Tuesday, November 1, 2016

#WomenWhoSlayWednesday: Dejah Jones "I Wish I Knew You" Part Two

#WomenWhoSlayWednesday: Dejah Jones "I Wish I Knew You"

This week's #WomenWhoSlay is dedicated to Dejah Jones, a 14-year-old Newport News teen who took her own life this year after intense bullying.  earlier this year. This is a continuation of a series about Dejah. I had the opportunity to hear Dejah's  story from her loved ones. I hope by sharing it with you, I do my part in educating others about the dangers of bullying. Read Part One here


After meeting Dejah's family at a Newport News Public School board meeting, they invited me to share my story. I had shared with Dejah's family that I was a suicide attempt survivor and I wanted to help them in any way I could. When they invited me to speak at her event it restored a sense of purpose in me. I felt if Dejah's family saw value in my suicide survival story maybe others would too. It encouraged me in so many ways. I graciously accepted.
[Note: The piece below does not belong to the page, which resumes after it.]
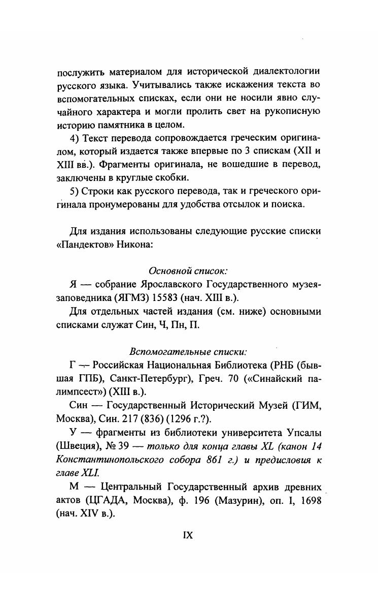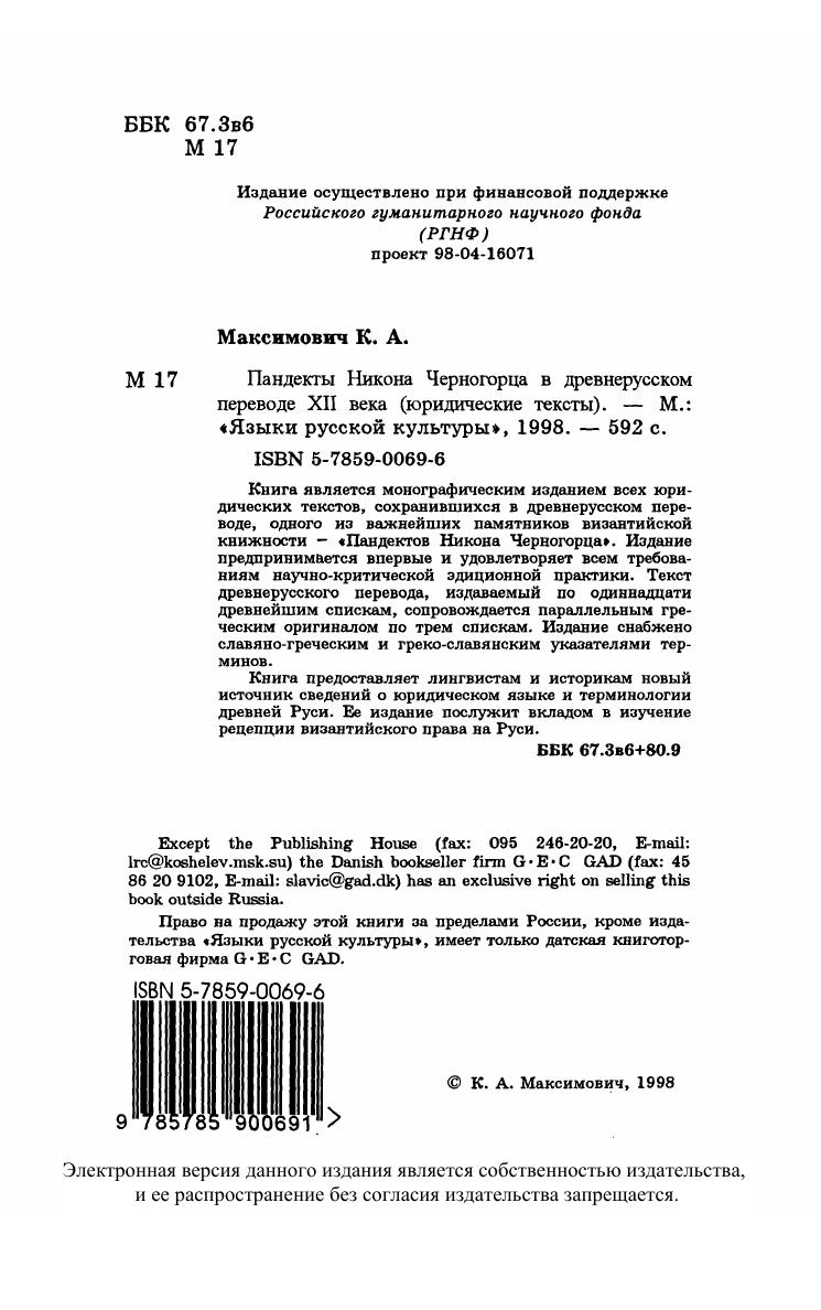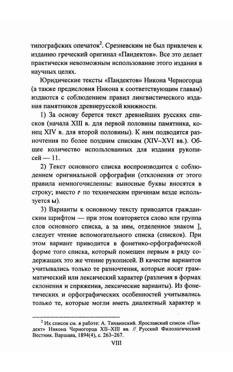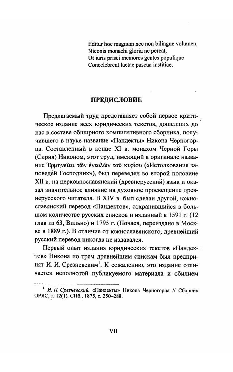 Книга является монографическим изданием всех юридических текстов, сохранившихся в древнерусском переводе, одного из важнейших памятников византийской книжности - "Пандектов Никона Черногорца". Издание предпринимается впервые и удовлетворяет всем требованиям научно-критической эдиционной практики. Текст древнерусского перевода, издаваемый по одиннадцати древнейшим спискам, сопровождается параллельным греческим оригиналом по трем спискам. Издание снабжено славяно-греческим и греко-славянским указателями терминов. Книга предоставляет лингвистам и историкам новый источник сведений о юридическом языке и терминологии древней Руси.

Shortly before Dejah's event her grandmother sent me an email to iron out some details. Her words let me know that God brought me through my storm of depression for a reason. And, I believe that reason is to share with other there is always hope.


"You are a testimony to many that there is a better day," Dejah's grandmother wrote. "I wish Dejah would have known you."


Those words leapt out of the computer screen into my heart. I could feel tears welling up in my eyes as I read and reread her email.


"I wish I would have known her too," I responded.


I sat there in my front of my computer screen imagining if I had known Dejah. What would I have said? What words would I have used to comfort her from the bullies at school? How would I make her understand that it does get better?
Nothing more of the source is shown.